There are also several cases in which government officials or public announcements play key roles in stopping rumors. For example, during the aftermath of the 1923 Great Kanto earthquake, the Tokyo Metropolitan Police Department distributed flyers saying that punishment would be meted out to those who told false rumors [29]. An official announcement from the Ministry of Finance and the Bank of Japan stopped a bank run caused by a rumor that led to the withdrawal of 8.7 million dollars during one week in 1973 [30]. Recently, in 2012, the U.S. government corrected rumors during Hurricane Sandy, on the Federal Emergency Management Agency website. In India, there is a law to crack down on rumors that might cause panic during disasters [13]. The Chinese government launched an anti-Internet rumor website (http://py.qianlong.com/) with the cooperation of executives from major Internet companies in 2013. Our results and these pieces of evidence reflect the possibility that official institutions can play active roles in rumor convergence.

Rumor Simulation

To understand the macroscopic dynamics of rumor diffusion and convergence from the perspective of microscopic Twitter users’ interactions, we simulated rumor diffusion and convergence based on stochastic SIR(susceptible-infected-recovered) model [31], which is one of the well-known minimal models of epidemics such as the influenza virus and Ebola, and reproduces dynamics such as the exponential growth of infected people. Historically, deterministic and stochastic SIR models have been proposed. The deterministic model describes dynamics of population for each state(susceptible-infected-recovered) by ordinary differential equations. On the other hand, the stochastic one describes the dynamics of each individual state as the following chemical reaction processes or contact processes: S + I → 2S(α) and I → R(β), where α and β represent reaction rates.

There are remarkable analogies between epidemics and rumor diffusion, and many studies on rumor diffusion have employed the SIR model [17–19]. In the case of epidemics, viruses spread by physical transmission, such as through coughing; on the other hand, vicious rumors spread by virtual contact over the Internet. After the transmission, some people become infected in the case of epidemics and, similarly, some people believe the rumor (become infected with a vicious rumor) and spread the rumor through their tweets, causing rumor spread. After the infection, people recover over time, while in the case of rumors, people become tired of communicating or have the accurate information, and stop tweeting the rumor. We may regard public announcements as corresponding to vaccines in the case of epidemics and, therefore, many people move from a susceptible state to a recovered state.
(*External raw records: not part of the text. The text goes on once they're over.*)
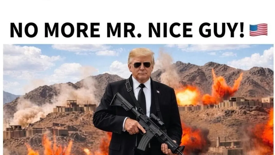 Il post, pubblicato quando a Washington sono le 4 del mattino, è accompagnato da un'immagine evidentemente generata dall'intelligenza artificiale che lo ritrae mentre impugna una mitragliatrice in piedi di fronte a una catena montuosa sconvolta dalle esplosioni.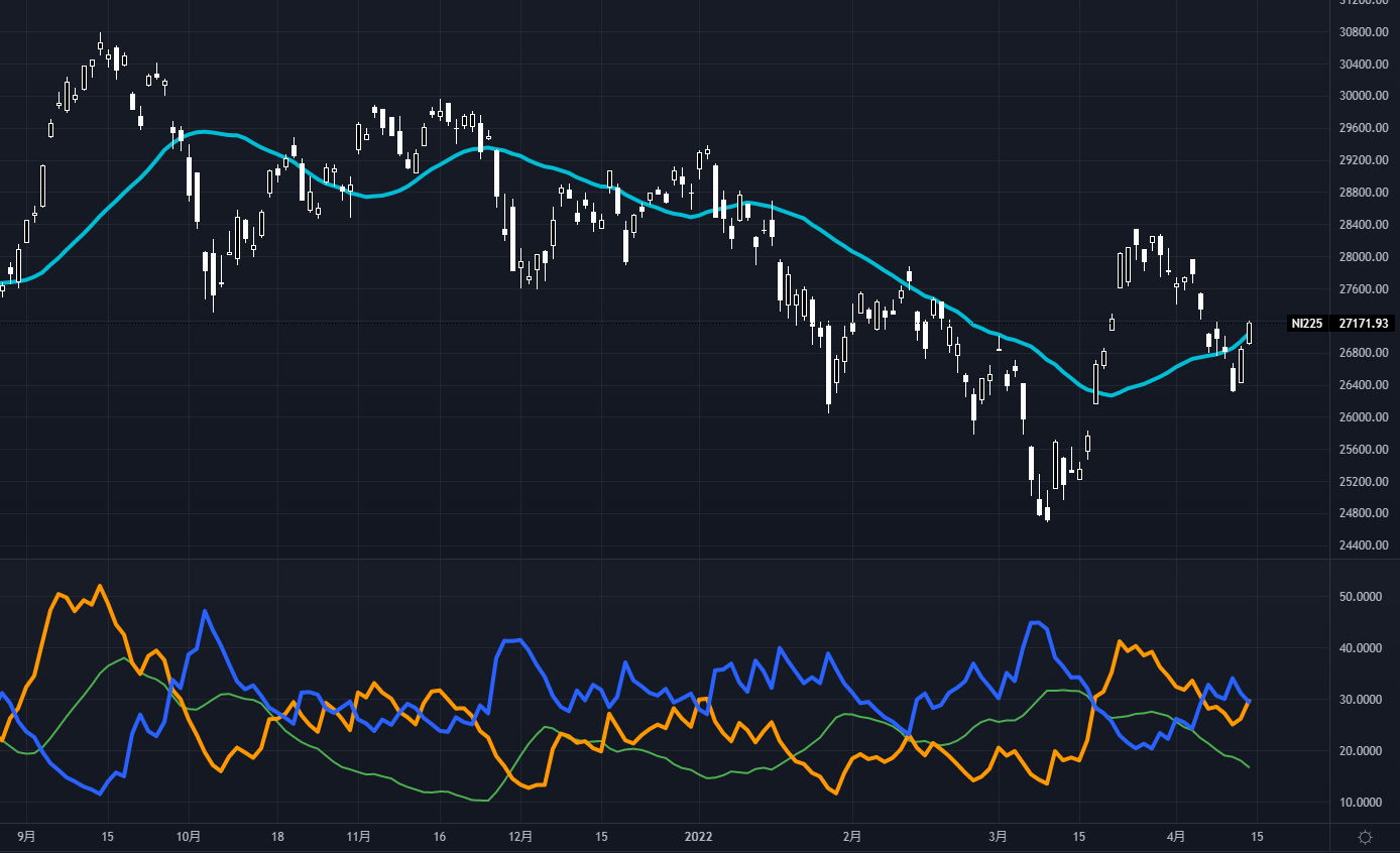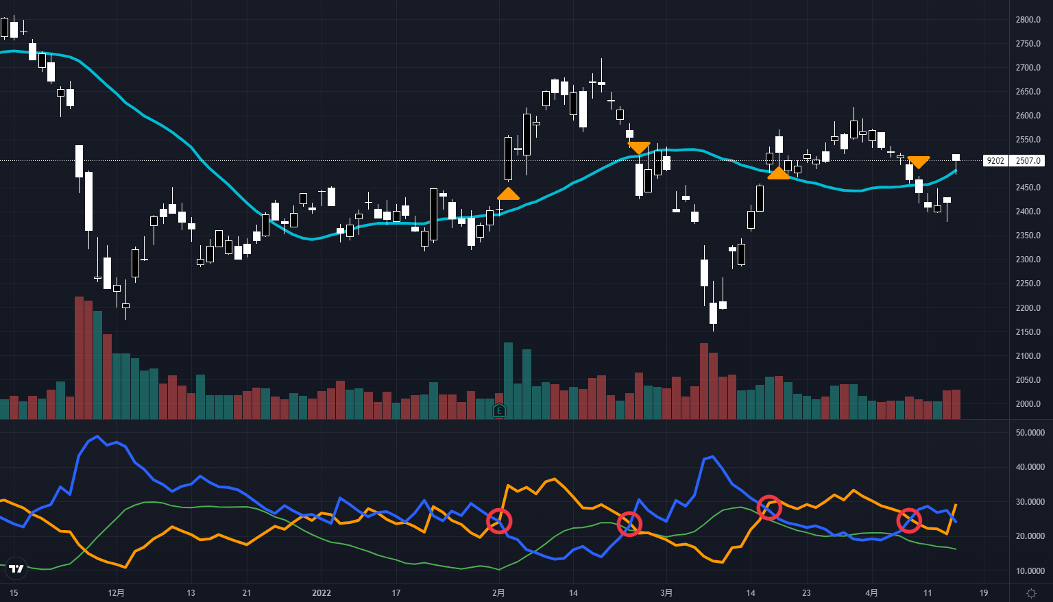 +DI (オレンジ線): 参照期間内の値動きのうちプラス方向の動きの割合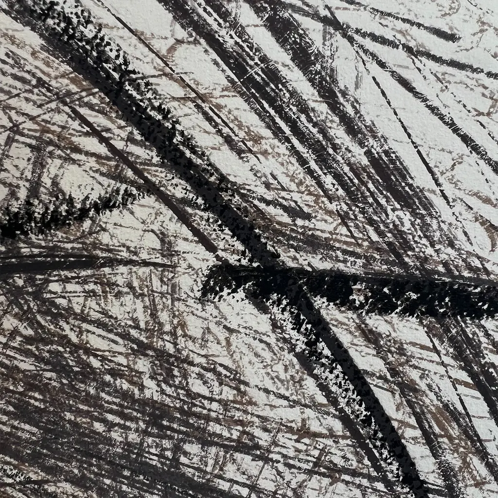 Introducing "Le Fourré Un" (The Thicket #1) - The very first design from our 3 part, limited release art print series. Le Fourré is a stunning piece when hung alone, or paired with the other 2 prints in the triptych series. Crafted with a meticulous blend of charcoal, oil stick, and graphite, these black and white abstract pieces evoke a sense of enigmatic beauty. Each stroke weaves a tale of tangled depths and hidden secrets, akin to wandering through a dense thicket where shadows intertwine with light. The dynamic interplay of monochromatic tones and textures creates an ethereal visual journey.

It is not easy to judge when a patient has recovered in the case of epidemics; however, in the case of rumors, we can precisely observe the alteration of users’ state from an infected state to a recovered state through data analysis.

Since our model is inspired by traditional SIR model, we employ the following three states for users [32], as shown in Fig. 3.

• Ground state (G): users who have not encountered the rumor

• Excited state (E): users who believe the rumor

• Final state (F): users who already know that the rumor is false

Users tweet a rumor stochastically, depending on their state. At first, most users are in the Ground state. Upon receiving a rumor tweet, the user has a probability α of becoming infected, in which case he/she enters the Excited state. In the Excited state, he/she has a high probability, q _E, of submitting a rumor tweet. When the user receives a correction tweet, he/she moves to the Final state with probability β. A user can go directly from the Ground to the Final state with probability ρ (Fig. 3). We saw many examples of users who only submitted a correction tweet, with no history of originally submitting the rumor. We assume there are n users in total, divided between the Ground state (n _G(t)), Excited state (n _E(t)), and Final state (n _F(t)). Our initial condition is n _G(0) = n, n _E(0) = 0, and n _F(0) = 0.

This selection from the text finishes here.